Ye Funa, born in Kunming, Yunnan, is an artist and researcher who lives and works in London and Beijing. Her practice critically engages with the realities of daily life and the perceived nexus between authority and various societal domains, such as differing power structures and marginalised groups. Her politically charged art uses pastiche to critique and satirise cultural uniformity. Ye’s recent work incorporates new technologies and engages with various ethnic communities, developing participatory, internet-based projects like ‘Exhibitionist: Curated Nail’ and ‘Smart Master’, probing the integration of art systems into personal and communal spaces. As a passionate advocate for self-publishing, Ye co-founded the independent publishing brand ‘MondayOFF’, editing and authoring artist books like ‘Shamate zine’ and ‘Fire Golden Flowers’.

Ye has had solo exhibitions at the 4A Centre for Contemporary Asian Art and Nottingham Contemporary, as well as participating in group exhibitions in institutions such as the Museum für Fotografie, Berlin; National Taiwan Museum of Fine Arts, Taipei; esea contemporary, Manchester; Power Station of Art, Shanghai; Chronus Art Center, Shanghai; Art Center Nabi, Seoul; and Rhizome of the New Museum, NYC. Ye is a teacher in the Experimental Art and Sci-Tech Art Department, Beijing's Central Academy of Fine Arts, and the Slade School of Fine Art, University College London.

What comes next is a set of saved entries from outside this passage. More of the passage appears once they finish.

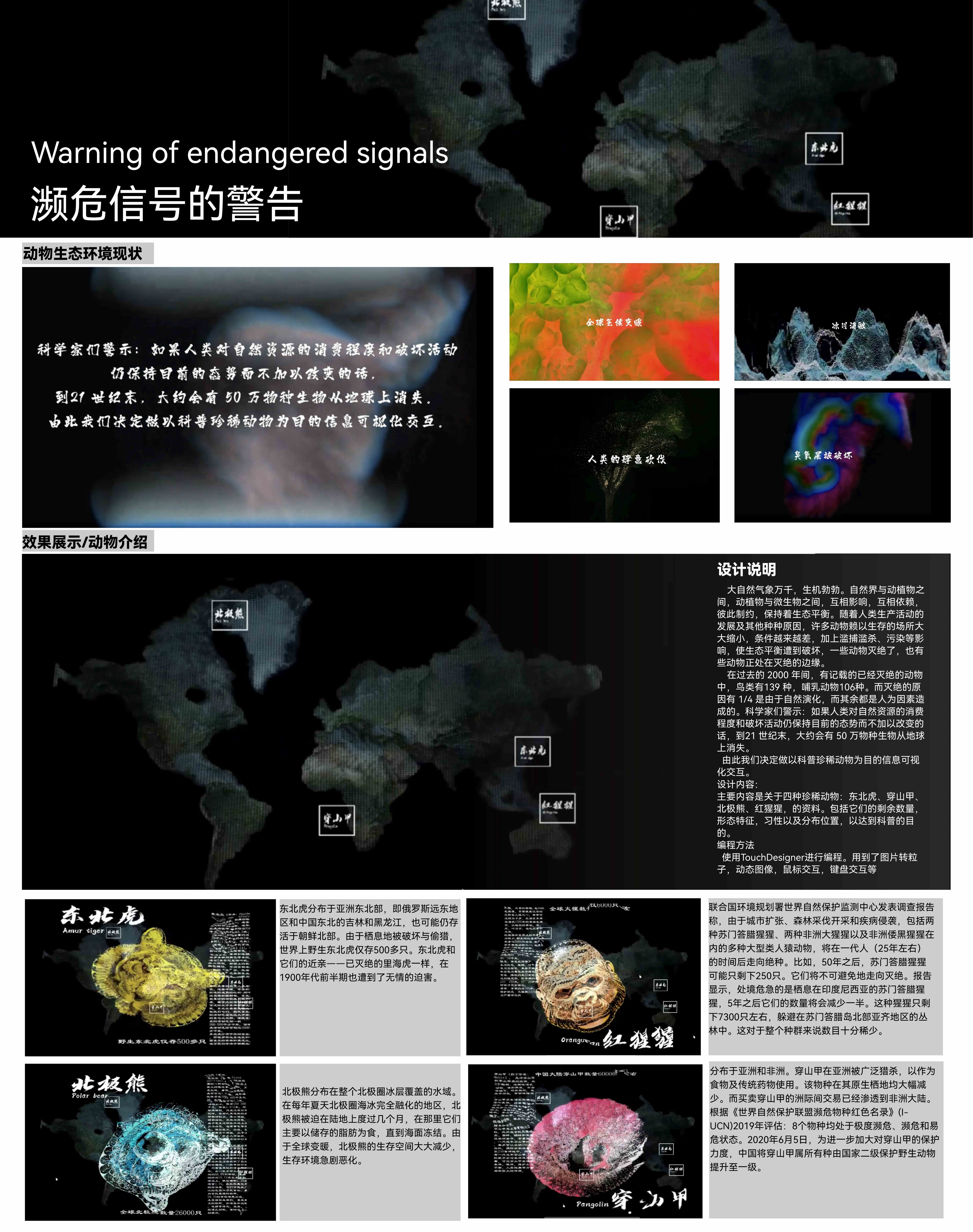 随着人类生产活动的发展及其他种种原因,许多动物赖以生存的场所大大缩小,加上滥捕滥杀、污染等影响,使生态平衡遭到破坏,一些动物灭绝了,也有些动物正处在灭绝的边缘。 设计内容: 主要内容是关于四种珍稀动物:东北虎、穿山甲、北极熊、红猩猩,的资料。包括它们的剩余数量,形态特征,习性以及分布位置,以达到科普的目的。 使用TouchDesigner进行编程。用到了图片转粒子,动态图像,鼠标交互,键盘交互等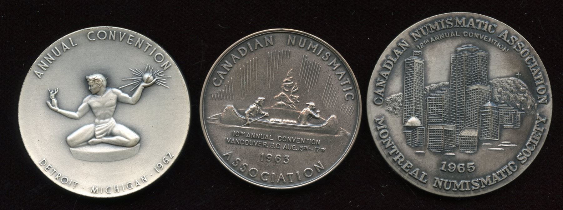 Detroit, 1962, silver, 1000 issued; Vancouver, 1963, silver, 181 issued; Montreal, 1965. silver, 287 issued. 3 Pcs.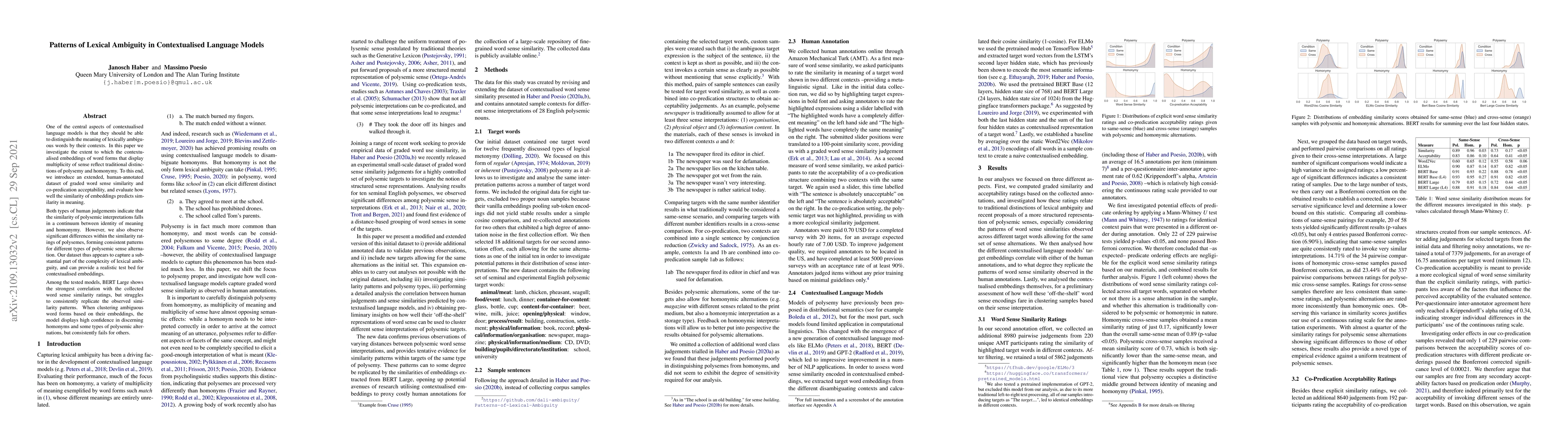 This paper examines how contextualised language models handle lexical ambiguity, finding that while models like BERT Large correlate well with human sense similarity ratings, they struggle to consistently replicate the nuanced patterns of polysemy and homonymy observed in human judgements. The study introduces a new dataset to better test these models.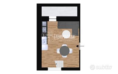Al piano terra si sviluppa la zona giorno, composta da un accogliente soggiorno con cucina a vista in open space, arricchita da un pratico ripostiglio sottoscala.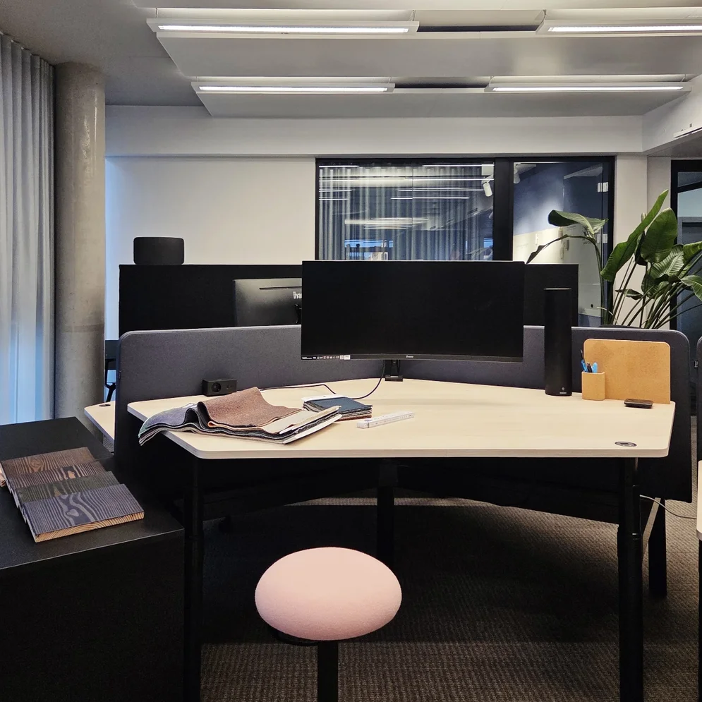 Wie so oft bot der ursprüngliche Leuchtenhersteller kein Umrüstungskit von Leuchtstoff auf LED an. Doch das Team wurde anderweitig fündig – sogar mit CE-Zertifizierung. Heute schmücken die wiederaufbereiteten Leuchten den Showroom und verleihen ihm eine starke Identität. Selbst die Fernwirkung hat De Schutter mitbedacht. Von der Straße aus sind die Diagonalen am Abend klar zu erkennen. Die Lichtsteuerung hat das Team drahtlos per Casambi-Bluetooth-Technologie so vorprogrammiert, dass sich die Nutzer*innen der Fläche sich um nichts kümmern müssen – nur wenn sie verschiedene Lichtszenarien haben möchten, wie etwa „Event Vortrag“ oder „Event Cocktail“.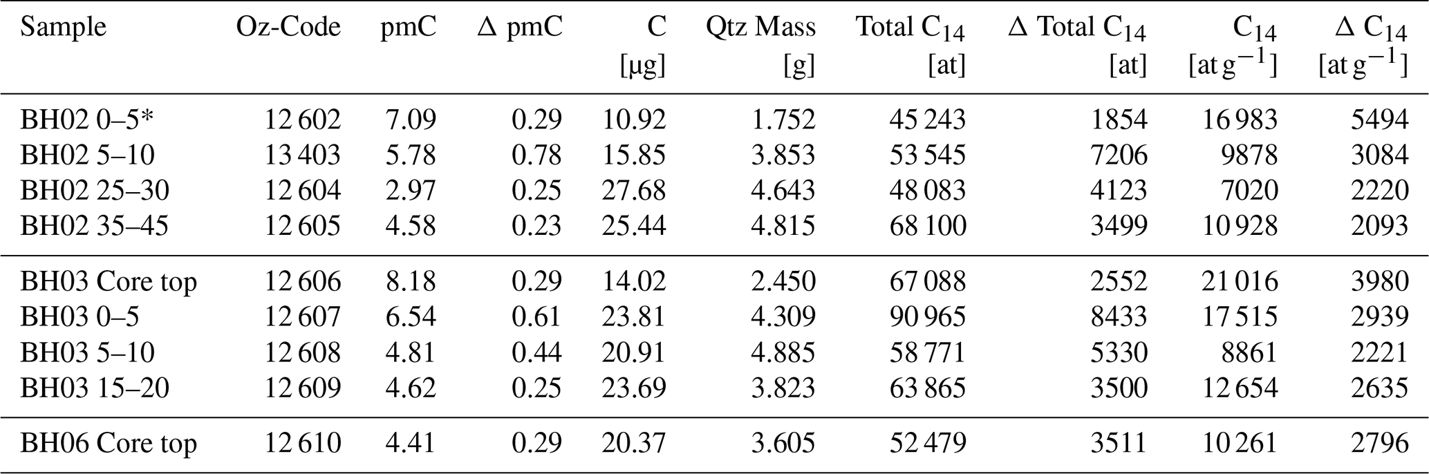 Of the remaining cores, BH02 and BH03 were sliced at 5 cm intervals while BH06 was processed as a single sample. After crushing and milling at the University of Durham quartz was purified at the Scottish Universities Environmental Research Centre (SUERC) Cosmogenic Nuclide Facility. Given the assumed high quartz content and low feldspar content of the samples froth flotation was not performed. Samples were subject to a total of 3–5 successive 48 h leaches in 1 % . Sample purity was assessed using ICP-OES with Al contents<200 ppm considered sufficiently pure. A total of ten samples were sent to the ANSTO-University of Wollongong (ANSTO-UoW) in situ 14C extraction laboratory (Fülöp et al., 2019) for carbon extraction. Prior to extraction samples underwent an additional pre-cleaning using a protocol modified from Fülöp et al. (2019). The 14C extraction scheme at ANSTO exploits the high temperature phase transformation of quartz to cristobalite to quantitatively extract the carbon as CO2. As part of this process samples are pre-heated to 600 °C for 1 h to remove meteoric 14C. Impurities of chlorite and/or glauconite produced reactions in two of our samples (BH02 0–5 cm and BH02 10–15 cm) presumably due to presence of Cl and/or K. As a result two sample tubes cracked during in vacuo cleaning. Following recovery of these samples from the coil-heaters and subsequent carbon extraction distinct discolouration of the residual material suggested contamination by the coil-heater itself and the initial samples were disregarded (Fig. S10). For one sample (BH02 0–5 cm; OZ12602) additional material was recovered from the fine (75–125 µm) fraction which was subsequently extracted. All other extractions were carried out on the 125–500 µm fraction. We thus present results from a total of nine samples (Table 2). Following extraction CO2 gas is converted to graphite targets and analysed using ANSTO's ANTARES 10MV tandem accelerator (Fink et al., 2004; Smith et al., 2010). Samples are normalised to small OX-II standards, corrected for a global graphitisation blank by 1/m analysis and data subsequently reduced according to Hippe and Lifton (2014).

Zijie was born in Yulin, Guangxi Province and currently lives and works in Wuhan. He is an alternative comics maker, writer and activist who focuses on illustration and manga culture as an artistic tool within anti-gentrification movements, revolving especially around marginalised characters involved with issues of urbanisation and spatial justice. From 2010-2014, Lee co-organised Womenjia Youth Autonomy Lab, an open house and social experiment located near the historic East Lake on the urban fringes of Wuhan.

Feixuan Xu (b. Guangxi, China) is an anthropologist specialising in anthropology of art, multispecies ethnography and ecocriticism. She obtained a PhD in Creative Media from City University of Hong Kong in 2022. Her ethnography-based doctoral thesis scrutinises how the Daoist concept ‘ziran’ was paradoxically implemented in artist Liang Shaoji’s collaboration with silkworms assisted by farmers and biologists. Feixuan’s current research centres on labour, sensory knowledge, situated ethics and non-alienated curation in multispecies art.

She received the Fulbright Research Scholar Award 2019/2020, being hosted by New York University for six months. Feixuan also holds an MA in Socio-cultural Anthropology from Durham University and a BA in English from Beijing Language and Culture University. From 2016 to 2017, she worked as an editor at Dolphin Books of China International Publishing Group. From 2016 to 2019, she worked part-time with the Education Department of Shanghai Museum for the public education programme ‘Museums and Ancient American Civilization’.